## Task instructions
For the data below, transcribe the part that opens with the line containing "Bylinná regenerační mast" and closes with the line containing "I Love you classic, Mega", exactly and with no pictures.
== Provided entries ==
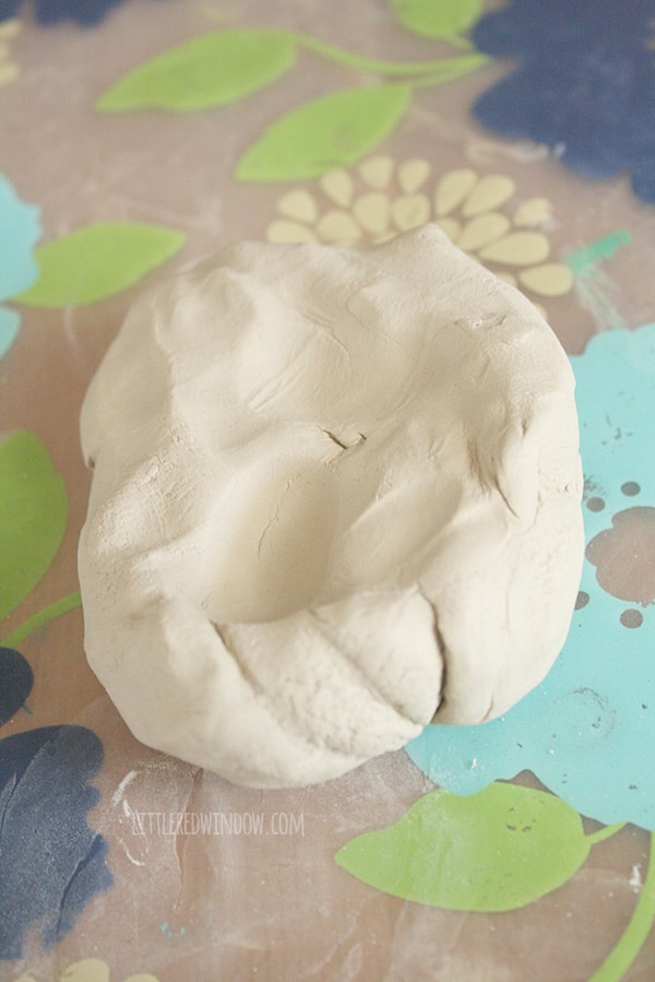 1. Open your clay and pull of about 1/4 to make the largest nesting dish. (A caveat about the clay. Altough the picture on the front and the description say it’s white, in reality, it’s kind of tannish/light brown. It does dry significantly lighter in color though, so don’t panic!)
===
== Provided entries ==
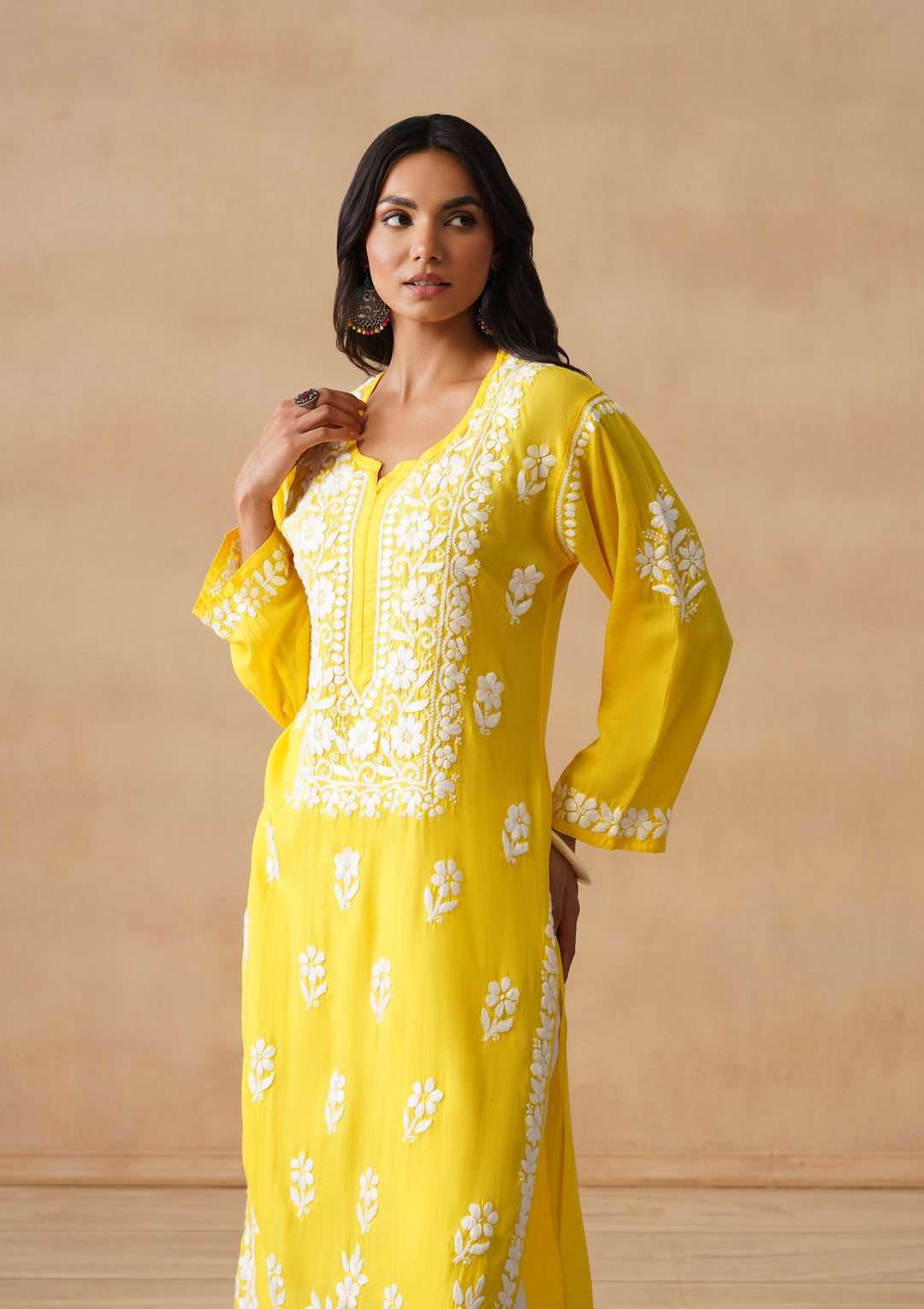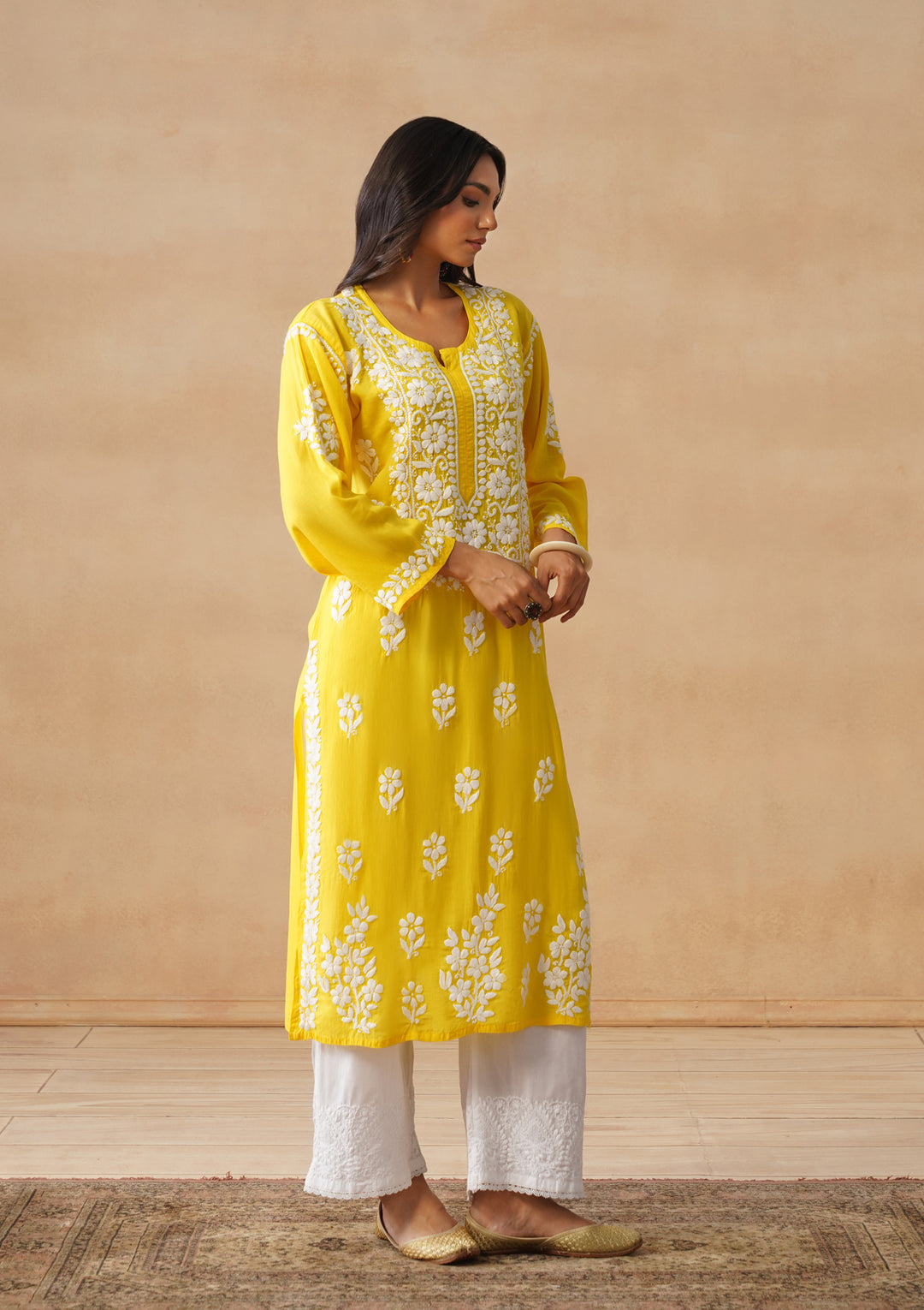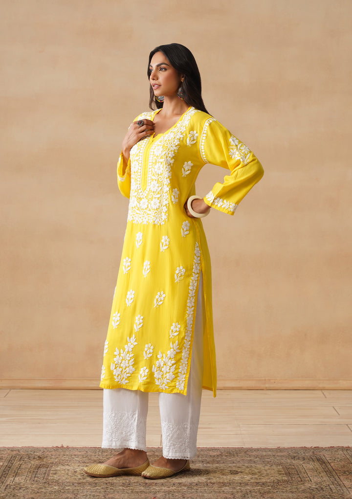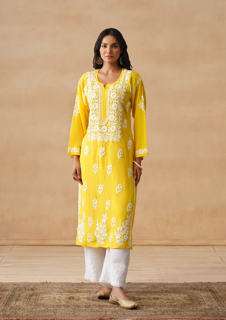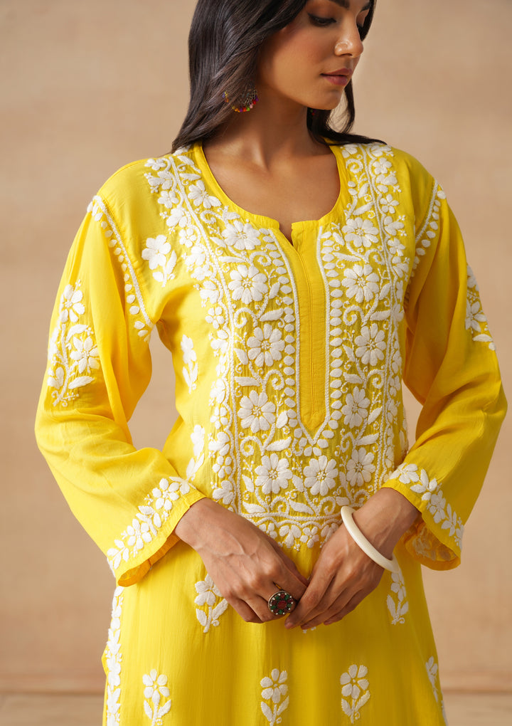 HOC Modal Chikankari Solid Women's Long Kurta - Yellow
===
== Provided entries ==
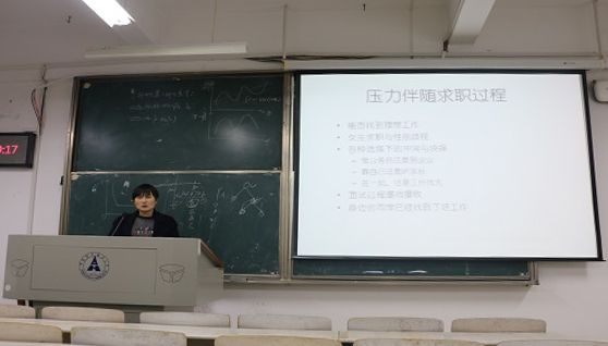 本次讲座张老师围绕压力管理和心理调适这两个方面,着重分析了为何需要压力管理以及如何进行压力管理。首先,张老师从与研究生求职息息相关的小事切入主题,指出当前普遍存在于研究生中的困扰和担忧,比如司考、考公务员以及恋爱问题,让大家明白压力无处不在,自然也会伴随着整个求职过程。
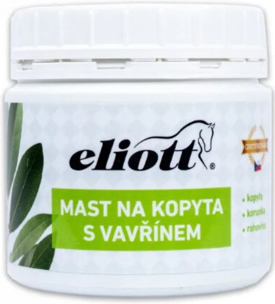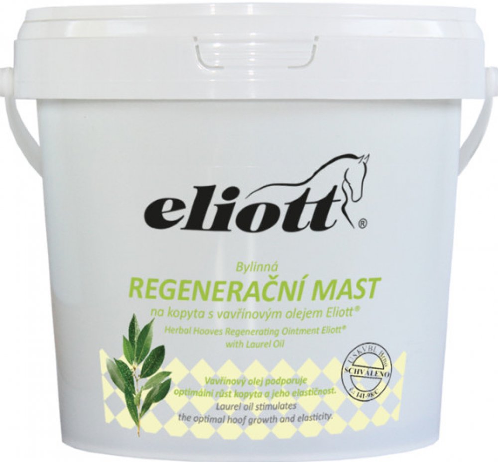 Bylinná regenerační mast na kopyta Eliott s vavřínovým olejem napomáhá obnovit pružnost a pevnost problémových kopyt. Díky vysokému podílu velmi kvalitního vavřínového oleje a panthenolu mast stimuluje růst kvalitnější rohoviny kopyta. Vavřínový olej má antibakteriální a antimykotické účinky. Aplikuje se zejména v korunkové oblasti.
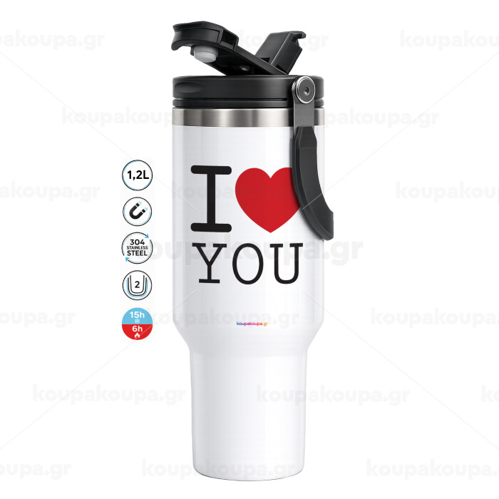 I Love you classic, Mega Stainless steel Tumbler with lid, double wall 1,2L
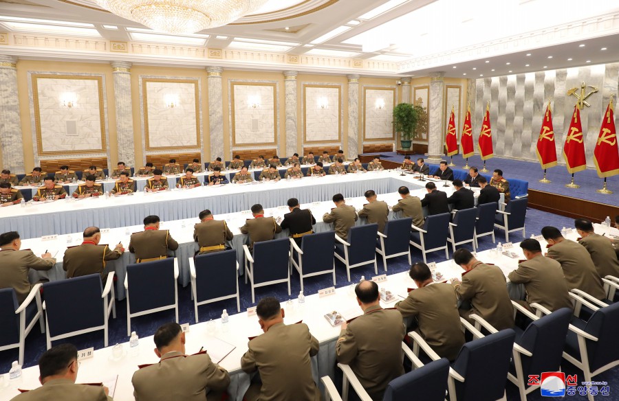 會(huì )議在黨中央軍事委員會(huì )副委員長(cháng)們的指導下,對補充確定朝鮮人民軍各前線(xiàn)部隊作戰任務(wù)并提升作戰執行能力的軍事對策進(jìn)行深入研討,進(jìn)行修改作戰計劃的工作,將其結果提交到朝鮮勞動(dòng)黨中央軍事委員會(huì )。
===
## Result of this task
 Bylinná regenerační mast na kopyta Eliott s vavřínovým olejem napomáhá obnovit pružnost a pevnost problémových kopyt. Díky vysokému podílu velmi kvalitního vavřínového oleje a panthenolu mast stimuluje růst kvalitnější rohoviny kopyta. Vavřínový olej má antibakteriální a antimykotické účinky. Aplikuje se zejména v korunkové oblasti.
 I Love you classic, Mega Stainless steel Tumbler with lid, double wall 1,2L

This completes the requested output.